>>>
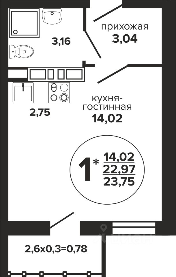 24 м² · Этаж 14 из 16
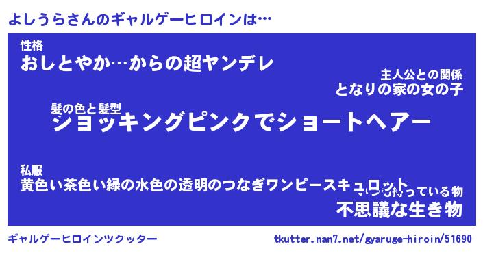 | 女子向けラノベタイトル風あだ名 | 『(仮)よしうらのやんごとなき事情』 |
<<<
>>>
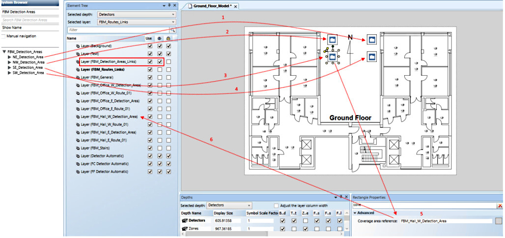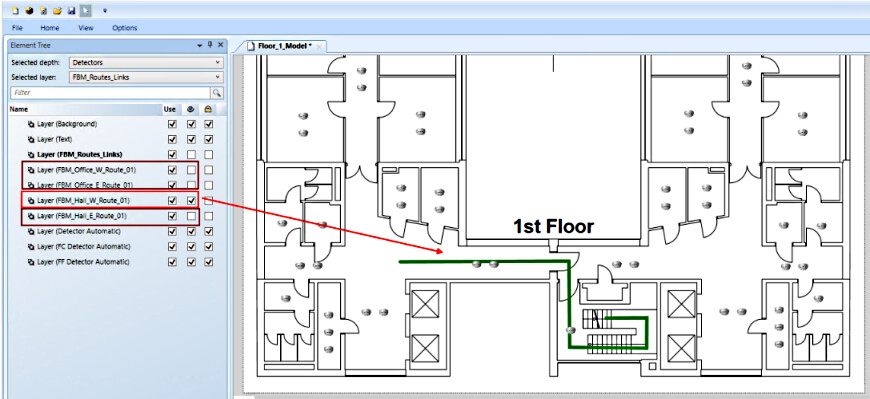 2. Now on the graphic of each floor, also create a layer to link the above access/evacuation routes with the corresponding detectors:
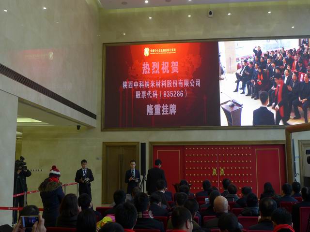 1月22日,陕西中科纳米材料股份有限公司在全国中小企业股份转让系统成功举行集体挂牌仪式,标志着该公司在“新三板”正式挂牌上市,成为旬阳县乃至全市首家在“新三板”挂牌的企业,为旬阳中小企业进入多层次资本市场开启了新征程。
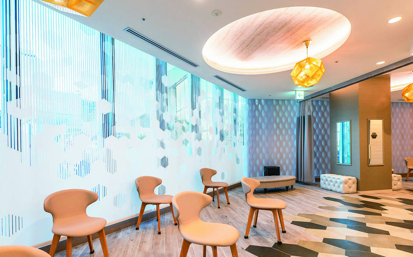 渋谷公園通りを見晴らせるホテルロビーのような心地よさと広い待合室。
<<<
— Task to complete —
Copy back exactly the lines above from the one containing "24 м² · Этаж 14 из 16" through the one containing "女子向けラノベタイトル風あだ名 | 『(仮)よしうらのやんごとなき事情』 |", and leave every picture behind.

— Answer area —
 24 м² · Этаж 14 из 16
 | 女子向けラノベタイトル風あだ名 | 『(仮)よしうらのやんごとなき事情』 |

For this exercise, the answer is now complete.